### WHAT IS EXPECTED
The entries below are to be duplicated exactly, with nothing left out.
DATASET RECORDS START
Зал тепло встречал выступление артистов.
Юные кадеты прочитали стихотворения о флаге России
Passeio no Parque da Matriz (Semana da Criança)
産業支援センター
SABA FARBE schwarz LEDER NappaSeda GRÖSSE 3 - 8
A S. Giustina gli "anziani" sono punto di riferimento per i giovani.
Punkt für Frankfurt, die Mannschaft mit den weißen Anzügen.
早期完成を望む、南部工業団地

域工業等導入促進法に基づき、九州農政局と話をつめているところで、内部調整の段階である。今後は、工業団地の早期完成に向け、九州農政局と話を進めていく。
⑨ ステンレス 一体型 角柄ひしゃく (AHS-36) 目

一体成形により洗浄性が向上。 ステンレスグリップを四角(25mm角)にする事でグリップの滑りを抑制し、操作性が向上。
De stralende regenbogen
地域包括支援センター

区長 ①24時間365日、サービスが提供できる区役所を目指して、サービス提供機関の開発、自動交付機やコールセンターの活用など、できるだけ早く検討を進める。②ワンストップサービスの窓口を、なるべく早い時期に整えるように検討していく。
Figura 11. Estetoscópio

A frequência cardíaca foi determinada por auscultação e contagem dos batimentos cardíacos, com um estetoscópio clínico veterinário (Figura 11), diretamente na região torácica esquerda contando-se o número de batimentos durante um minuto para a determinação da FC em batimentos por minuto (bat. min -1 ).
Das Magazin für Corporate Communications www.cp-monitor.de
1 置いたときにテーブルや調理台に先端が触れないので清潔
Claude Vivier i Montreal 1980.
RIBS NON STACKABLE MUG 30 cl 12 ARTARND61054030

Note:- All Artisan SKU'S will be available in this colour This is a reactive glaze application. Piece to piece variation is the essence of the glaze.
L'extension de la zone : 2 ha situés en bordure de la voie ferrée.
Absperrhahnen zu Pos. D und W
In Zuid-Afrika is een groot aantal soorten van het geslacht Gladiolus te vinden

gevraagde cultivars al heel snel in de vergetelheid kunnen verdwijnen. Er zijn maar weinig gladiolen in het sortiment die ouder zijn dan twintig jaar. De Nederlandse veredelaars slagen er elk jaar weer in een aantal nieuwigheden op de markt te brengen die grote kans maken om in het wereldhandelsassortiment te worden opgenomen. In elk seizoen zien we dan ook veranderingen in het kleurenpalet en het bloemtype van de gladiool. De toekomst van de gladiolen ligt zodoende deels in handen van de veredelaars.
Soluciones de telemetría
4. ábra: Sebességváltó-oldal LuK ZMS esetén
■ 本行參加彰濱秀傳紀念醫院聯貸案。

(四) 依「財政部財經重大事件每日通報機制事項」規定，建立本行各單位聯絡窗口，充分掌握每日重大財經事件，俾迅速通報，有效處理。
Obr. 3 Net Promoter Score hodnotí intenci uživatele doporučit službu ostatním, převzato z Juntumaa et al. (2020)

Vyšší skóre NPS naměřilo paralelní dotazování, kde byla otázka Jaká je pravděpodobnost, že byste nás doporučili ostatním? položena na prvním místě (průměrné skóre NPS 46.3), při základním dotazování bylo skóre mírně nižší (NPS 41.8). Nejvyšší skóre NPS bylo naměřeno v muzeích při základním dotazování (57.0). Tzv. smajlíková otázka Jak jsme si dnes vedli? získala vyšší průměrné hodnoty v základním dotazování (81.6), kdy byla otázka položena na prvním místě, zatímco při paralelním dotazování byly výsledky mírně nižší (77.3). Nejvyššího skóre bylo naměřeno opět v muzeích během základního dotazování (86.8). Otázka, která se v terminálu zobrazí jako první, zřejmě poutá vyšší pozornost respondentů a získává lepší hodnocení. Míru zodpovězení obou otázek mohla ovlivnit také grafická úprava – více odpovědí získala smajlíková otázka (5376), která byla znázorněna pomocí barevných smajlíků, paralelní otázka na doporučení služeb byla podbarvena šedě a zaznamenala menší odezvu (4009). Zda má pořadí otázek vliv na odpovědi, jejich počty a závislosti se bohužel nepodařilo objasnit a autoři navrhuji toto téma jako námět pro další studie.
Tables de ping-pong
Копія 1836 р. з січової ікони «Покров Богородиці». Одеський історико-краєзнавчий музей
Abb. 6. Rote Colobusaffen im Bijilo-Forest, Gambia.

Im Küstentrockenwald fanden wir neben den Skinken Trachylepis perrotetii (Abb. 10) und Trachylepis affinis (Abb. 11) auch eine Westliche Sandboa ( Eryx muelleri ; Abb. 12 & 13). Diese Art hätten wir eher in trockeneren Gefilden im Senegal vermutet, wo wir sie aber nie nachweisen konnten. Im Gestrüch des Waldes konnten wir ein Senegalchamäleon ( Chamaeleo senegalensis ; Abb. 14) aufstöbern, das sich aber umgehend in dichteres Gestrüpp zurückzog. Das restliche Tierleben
DATASET RECORDS END
### EXERCISE RESPONSE
Зал тепло встречал выступление артистов.
Юные кадеты прочитали стихотворения о флаге России
Passeio no Parque da Matriz (Semana da Criança)
産業支援センター
SABA FARBE schwarz LEDER NappaSeda GRÖSSE 3 - 8
A S. Giustina gli "anziani" sono punto di riferimento per i giovani.
Punkt für Frankfurt, die Mannschaft mit den weißen Anzügen.
早期完成を望む、南部工業団地

域工業等導入促進法に基づき、九州農政局と話をつめているところで、内部調整の段階である。今後は、工業団地の早期完成に向け、九州農政局と話を進めていく。
⑨ ステンレス 一体型 角柄ひしゃく (AHS-36) 目

一体成形により洗浄性が向上。 ステンレスグリップを四角(25mm角)にする事でグリップの滑りを抑制し、操作性が向上。
De stralende regenbogen
地域包括支援センター

区長 ①24時間365日、サービスが提供できる区役所を目指して、サービス提供機関の開発、自動交付機やコールセンターの活用など、できるだけ早く検討を進める。②ワンストップサービスの窓口を、なるべく早い時期に整えるように検討していく。
Figura 11. Estetoscópio

A frequência cardíaca foi determinada por auscultação e contagem dos batimentos cardíacos, com um estetoscópio clínico veterinário (Figura 11), diretamente na região torácica esquerda contando-se o número de batimentos durante um minuto para a determinação da FC em batimentos por minuto (bat. min -1 ).
Das Magazin für Corporate Communications www.cp-monitor.de
1 置いたときにテーブルや調理台に先端が触れないので清潔
Claude Vivier i Montreal 1980.
RIBS NON STACKABLE MUG 30 cl 12 ARTARND61054030

Note:- All Artisan SKU'S will be available in this colour This is a reactive glaze application. Piece to piece variation is the essence of the glaze.
L'extension de la zone : 2 ha situés en bordure de la voie ferrée.
Absperrhahnen zu Pos. D und W
In Zuid-Afrika is een groot aantal soorten van het geslacht Gladiolus te vinden

gevraagde cultivars al heel snel in de vergetelheid kunnen verdwijnen. Er zijn maar weinig gladiolen in het sortiment die ouder zijn dan twintig jaar. De Nederlandse veredelaars slagen er elk jaar weer in een aantal nieuwigheden op de markt te brengen die grote kans maken om in het wereldhandelsassortiment te worden opgenomen. In elk seizoen zien we dan ook veranderingen in het kleurenpalet en het bloemtype van de gladiool. De toekomst van de gladiolen ligt zodoende deels in handen van de veredelaars.
Soluciones de telemetría
4. ábra: Sebességváltó-oldal LuK ZMS esetén
■ 本行參加彰濱秀傳紀念醫院聯貸案。

(四) 依「財政部財經重大事件每日通報機制事項」規定，建立本行各單位聯絡窗口，充分掌握每日重大財經事件，俾迅速通報，有效處理。
Obr. 3 Net Promoter Score hodnotí intenci uživatele doporučit službu ostatním, převzato z Juntumaa et al. (2020)

Vyšší skóre NPS naměřilo paralelní dotazování, kde byla otázka Jaká je pravděpodobnost, že byste nás doporučili ostatním? položena na prvním místě (průměrné skóre NPS 46.3), při základním dotazování bylo skóre mírně nižší (NPS 41.8). Nejvyšší skóre NPS bylo naměřeno v muzeích při základním dotazování (57.0). Tzv. smajlíková otázka Jak jsme si dnes vedli? získala vyšší průměrné hodnoty v základním dotazování (81.6), kdy byla otázka položena na prvním místě, zatímco při paralelním dotazování byly výsledky mírně nižší (77.3). Nejvyššího skóre bylo naměřeno opět v muzeích během základního dotazování (86.8). Otázka, která se v terminálu zobrazí jako první, zřejmě poutá vyšší pozornost respondentů a získává lepší hodnocení. Míru zodpovězení obou otázek mohla ovlivnit také grafická úprava – více odpovědí získala smajlíková otázka (5376), která byla znázorněna pomocí barevných smajlíků, paralelní otázka na doporučení služeb byla podbarvena šedě a zaznamenala menší odezvu (4009). Zda má pořadí otázek vliv na odpovědi, jejich počty a závislosti se bohužel nepodařilo objasnit a autoři navrhuji toto téma jako námět pro další studie.
Tables de ping-pong
Копія 1836 р. з січової ікони «Покров Богородиці». Одеський історико-краєзнавчий музей
Abb. 6. Rote Colobusaffen im Bijilo-Forest, Gambia.

Im Küstentrockenwald fanden wir neben den Skinken Trachylepis perrotetii (Abb. 10) und Trachylepis affinis (Abb. 11) auch eine Westliche Sandboa ( Eryx muelleri ; Abb. 12 & 13). Diese Art hätten wir eher in trockeneren Gefilden im Senegal vermutet, wo wir sie aber nie nachweisen konnten. Im Gestrüch des Waldes konnten wir ein Senegalchamäleon ( Chamaeleo senegalensis ; Abb. 14) aufstöbern, das sich aber umgehend in dichteres Gestrüpp zurückzog. Das restliche Tierleben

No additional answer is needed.